Static Generator

See also

Unit Systems and Conventions

Create Function

pandapower.create_sgen(net, bus, p_kw, q_kvar=0, sn_kva=<Mock name='mock.nan' id='139784447464168'>, name=None, index=None, scaling=1.0, type=None, in_service=True, max_p_kw=<Mock name='mock.nan' id='139784447464168'>, min_p_kw=<Mock name='mock.nan' id='139784447464168'>, max_q_kvar=<Mock name='mock.nan' id='139784447464168'>, min_q_kvar=<Mock name='mock.nan' id='139784447464168'>, controllable=<Mock name='mock.nan' id='139784447464168'>)

Adds one static generator in table net[“sgen”].

Static generators are modelled as negative PQ loads. This element is used to model generators with a constant active and reactive power feed-in. If you want to model a voltage controlled generator, use the generator element instead.

All elements in the grid are modelled in the consumer system, including generators! If you want to model the generation of power, you have to assign a negative active power to the generator. Please pay attention to the correct signing of the reactive power as well.

INPUT:

net - The net within this static generator should be created

bus (int) - The bus id to which the static generator is connected

OPTIONAL:

p_kw (float, default 0) - The real power of the static generator (negative for generation!)

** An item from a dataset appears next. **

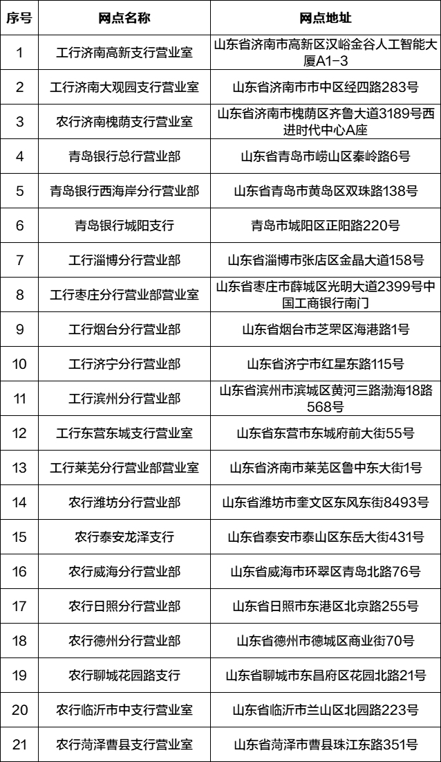 山东省已故人员银行卡账户线索查询部分受理网点清单(全部受理网点信息可在云闪付查询)

q_kvar (float, default 0) - The reactive power of the sgen

sn_kva (float, default None) - Nominal power of the sgen

name (string, default None) - The name for this sgen

index (int, None) - Force the specified index. If None, the next highest available index

is used

scaling (float, 1.) - An OPTIONAL scaling factor to be set customly

type (string, None) - type variable to classify the static generator

in_service (boolean) - True for in_service or False for out of service

controllable (bool, NaN) - Whether this generator is controllable by the optimal powerflow

OUTPUT:

index - The unique id of the created sgen

EXAMPLE:

create_sgen(net, 1, p_kw = -120)

Input Parameters

net.sgen

Parameter	Datatype	Value Range	Explanation
name	string		name of the static generator
type	string	naming conventions: “PV” - photovoltaic system “WP” - wind power system “CHP” - combined heating and power system	type of generator
bus*	integer		index of connected bus
p_kw*	float	\(\leq\) 0	active power of the static generator [kW]
q_kvar*	float		reactive power of the static generator [kVar]
sn_kva	float	\(>\) 0	rated power ot the static generator [kVA]
scaling*	float	\(\geq\) 0	scaling factor for the active and reactive power
max_p_kw**	float		Maximum active power
min_p_kw**	float		Minimum active power
max_q_kvar**	float		Maximum reactive power
min_q_kvar**	float		Minimum reactive power
controllable**	bool		States if sgen is controllable or not, sgen will not be used as a flexibilty if it is not controllable
in_service*	boolean	True / False	specifies if the generator is in service.

*necessary for executing a power flow calculation
**optimal power flow parameter

Electric Model

Static Generators are modelled as PQ-buses in the power flow calculation:

The PQ-Values are calculated from the parameter table values as:

\begin{align*} P_{sgen} &= p\_kw \cdot scaling \\ Q_{sgen} &= q\_kvar \cdot scaling \\ \end{align*}

Note

Static generators should always have a negative p_kw value, since all power values are given in the consumer system. If you want to model constant power consumption, please use the load element instead of a static generator with positive active power value. If you want to model a voltage controlled generator, use the generator element.

Note

The apparent power value sn_kva is provided as additional information for usage in controller or other applications based on panadapower. It is not considered in the power flow!

Result Parameters

net.res_sgen

Parameter	Datatype	Explanation
p_kw	float	resulting active power demand after scaling [kW]
q_kvar	float	resulting reactive power demand after scaling [kVar]

The power values in the net.res_sgen table are equivalent to \(P_{sgen}\) and \(Q_{sgen}\).